With NACTO guide endorsement, California transportation could be changing fast
April 11, 2014
Michael Andersen, Green Lane Project staff writer
Market Street in San Francisco, a protected bike lane built in defiance of the state's former refusal to endorse such facilities.
In an announcement Thursday night reported on Twitter by the National Association of City Transportation Officials and on Facebook by Fremont Public Works Director Bryan Jones, the head of the country's largest highway department said his agency will officially endorse NACTO's street design guide, a document that tracks the best practices for adding protected bike lanes and other human-oriented infrastructure to U.S. streets.
On his website of Caltrans criticism, Dan Allison called it "about the biggest news imaginable."

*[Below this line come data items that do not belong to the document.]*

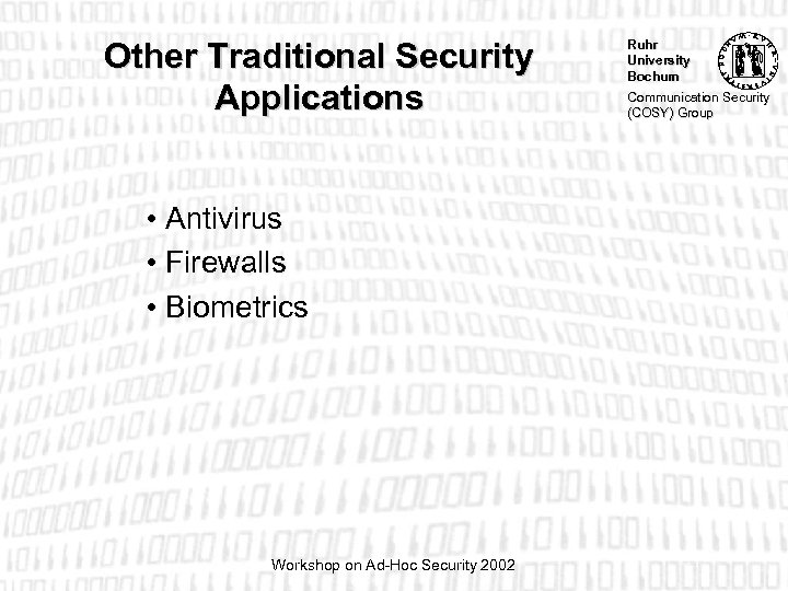 Other Traditional Security Applications • Antivirus • Firewalls • Biometrics Workshop on Ad-Hoc Security 2002 Ruhr University Bochum Communication Security (COSY) Group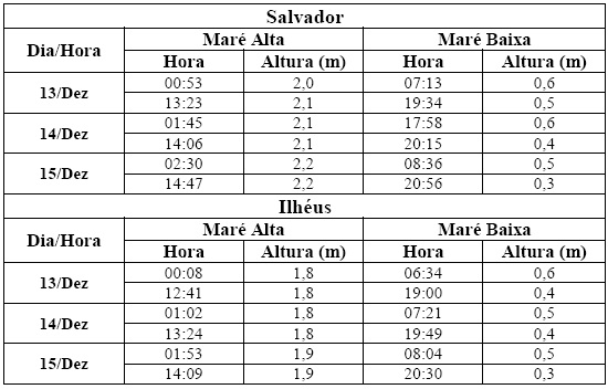 Entre os dias 13 (sexta-feira) e 15 (domingo), a maré deverá atingir sua altura máxima em torno de 01h30 e das 13h30, com valores variando de 1,8 a 2,2 metros. Já as alturas mínimas deverão ocorrer por volta de 07h30 e das 19h30, com valores variando de 0,3 a 0,6 metro. As ondas previstas para os próximos dias deverão ter agitação de moderada a fraca, com altura máxima podendo chegar a 2,0 metros.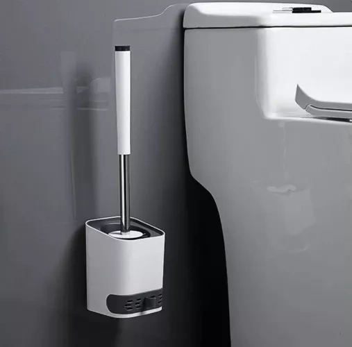 Silikona tualetes birste ar sienas turētāju RUHHY, balta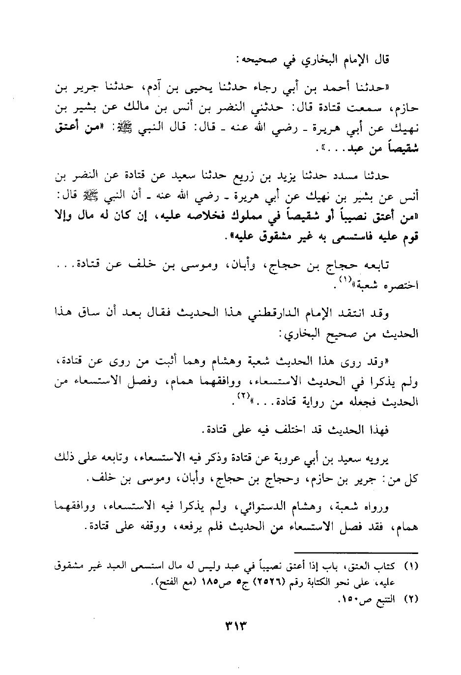 "حدثنا أحمد بن أبي رجاء حدثنا يحيى بن آدم، حدثنا جرير بن حازم، سمعت قتادة قال: حدثني النضر بن أنس بن مالك عن بشير بن نهيك عن أبي هريرة – رضي الله عنه – قال: قال النبي صلى الله عليه وسلم: "من أعتق شقيصاً من عبد ".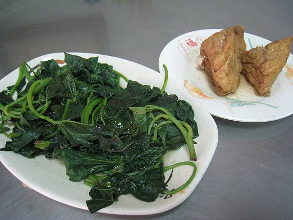 >.<醬汁味道超級詭異的燙地瓜葉,旁邊的油豆腐很平常,沒有什麼特色......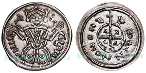 Solomon (1063-1074) : denár EK: 6/4 C.I.: 22 H.: 17 ÉH: 10 Ag 0,87 g Ebben az állapotban ritka! FDC! ...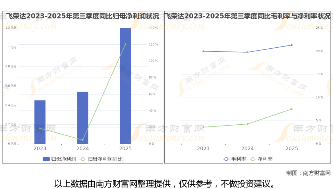2025年第三季度季报显示,飞荣达公司实现净利润1.2亿,同比增长120.52%;毛利润为3.7亿,毛利率21.31%。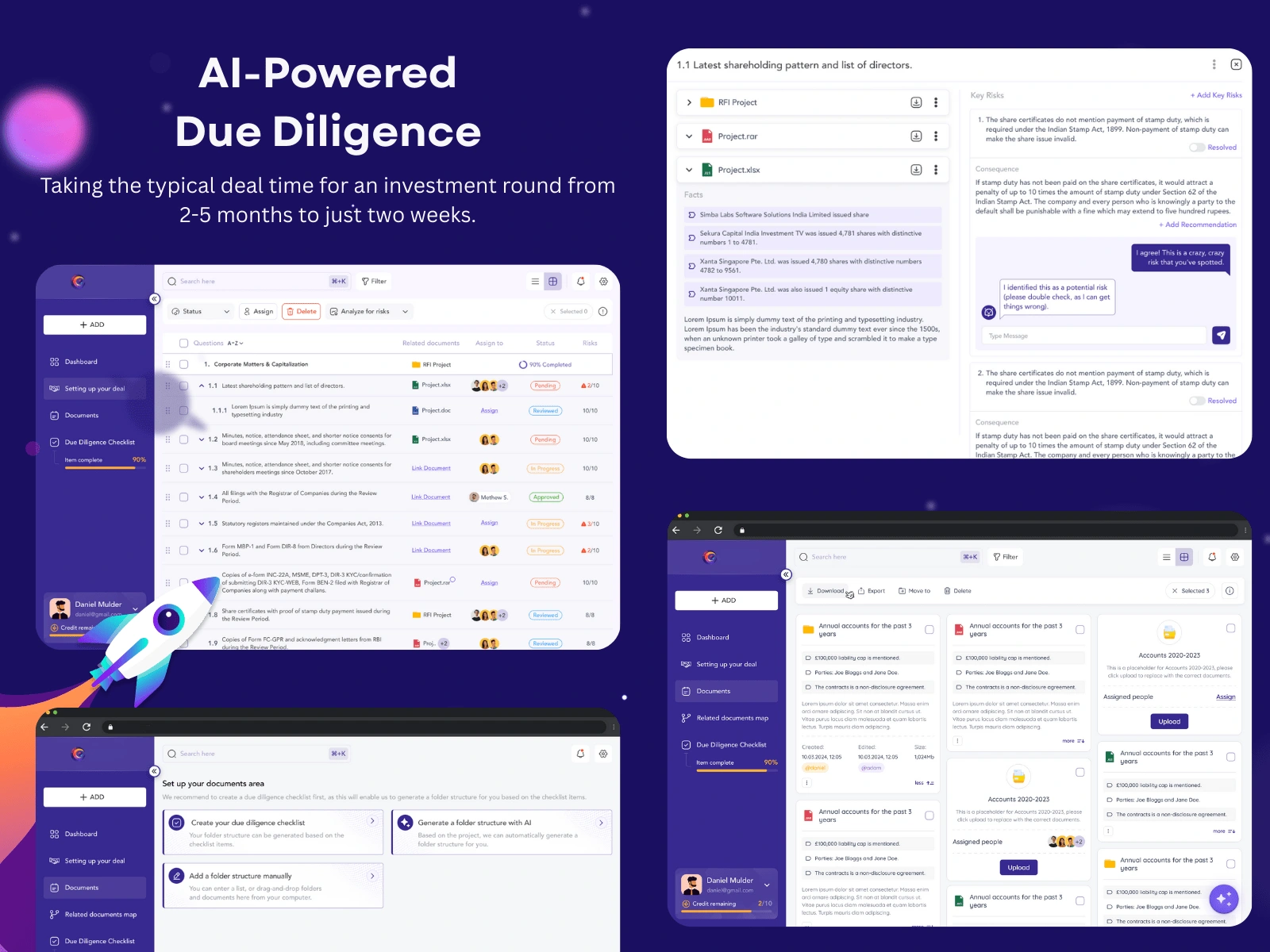 I developed the AI-Powered Due Diligence Platform from scratch, collaborating closely with the clientโs legal team to ensure the solution met their specific needs. The platform leverages a robust tech stack, including Next.js for the frontend and advanced AI models such as Claude, Bedrock, and OpenAI on the backend, complemented by a vector database for semantic document retrieval.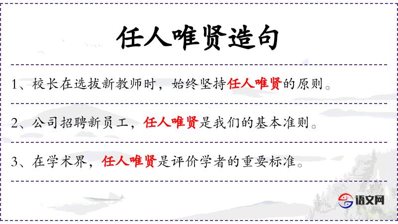 - 任人唯贤:指选拔人才只看重其才能和品德,不考虑其他因素。

"This is the culmination of three years of a long and targeted campaign of ours and we're pretty psyched," said Dave Snyder, executive director of the California Bicycle Coalition.
The fact that the nation's largest state will be the third (after Washington and Massachusetts) to officially endorse NACTO's Urban Street Design Guide is a major victory for biking and walking infrastruture advocates in California. It's likely to assure hundreds of small and mid-size Californian cities that they won't face extra liability if they install properly designed protected bike lanes.
"Without design guidance from our state DOT, planners' and engineers' hands are tied in what they're allowed to do," Bay Area active transportation planner Sean Co told us in an interview last fall. Caltrans, he said, "is sort of infamous for not having a lot of flexibility in their design standards."
Caltrans Director Malcolm Dougherty's announcement Thursday shows that might be changing.
The NACTO endorsement was one of four "immediate" actions recommended by a January report from the State Smart Transportation Initiative that had been commissioned by Gov. Jerry Brown. Brown, who promoted Doughterty in 2012 from deputy director of Caltrans, has sided generally with Caltrans reformers but effected few top-level changes in agency practice until now.
Also Thursday, Caltrans circulated a two-page memo from its chief designer that explicitly endorses the NACTO guide as a useful resource for safe street design.
"Caltrans is currently analyzing these guides to identify areas of improvement in our own standards and guidance," design chief Timothy Craggs writes. "This will be a focus of the department over the next year."
Snyder, the statewide biking advocate, wrote in an email Friday that his group had been asked for input on Craggs' memo.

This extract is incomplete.